La RMN arme majeure au service de la chimie et de la biologie structurale

Les états d'âme du spin dans un champ magnétique n'auraient pas de quoi passionner le chimiste, si, par exemple, tous les atomes d'hydrogène d'une molécule plongée dans un champ magnétique et soumis à un champ de radiofréquence se mettaient à résonner à l'unisson.

 

Heureusement il n'en est rien car notre atome d'hydrogène n'est pas isolé, en particulier il est lié à un autre atome (carbone, hétéroatome) par une liaison chimique constituée d'un doublet électronique.

 

Et là le phénomène se complique (encore !) et l'oreille du chimiste se dresse !

 

Ces électrons vont en effet produire en retour un champ magnétique secondaire qui va moduler le champ perçu par chaque noyau d'hydrogène. C'est le phénomène de blindage (ou de déblindage) qui fait que la résonance de chaque noyau est fonction de son environnement.

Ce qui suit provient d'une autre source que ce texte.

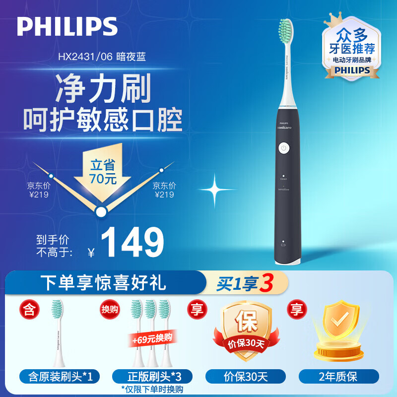 飞利浦(PHILIPS)电动牙刷成人 情侣款生日礼物送男友/女友 入门款 2种模式 洁齿护龈 净力刷 暗夜蓝价格:219.00元!
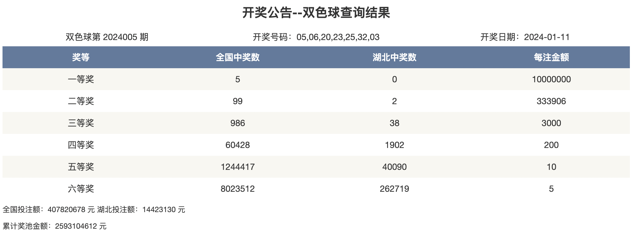 2024年1月11日 开奖公告
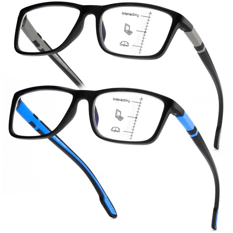 Missfive 2 Pack Mens Multifocus Progressive Reading Glasses, Enhanced Non-Slip TR90 Frame Lightweight Multifocal Readers, Anti-Blue/UV/Eyestrain Eyewear for Near-Range, 1.25x

La différence, que l'on appelle déplacement chimique et que l'on mesure par rapport à une référence, est très petite, de l'ordre de 0,001% du champ appliqué.

 

Il y a donc une relation entre déplacement chimique et situation topologique de l'hydrogène dans la molécule. On comprend donc l'intérêt de la RMN pour le chimiste organicien qui veut établir une structure, sachant que l'hydrogène et le carbone sont les atomes les plus présents dans une molécule.

 

Avec un spectre du proton et du carbone (isotope 13) et toutes les techniques de découplage homo ou hétéronucléaires qui se sont développées (voir RMN 2D), le chercheur dispose d'armes d'identifications massives, qui font que même des structures complexes de macromolécules ont du mal à lui résister !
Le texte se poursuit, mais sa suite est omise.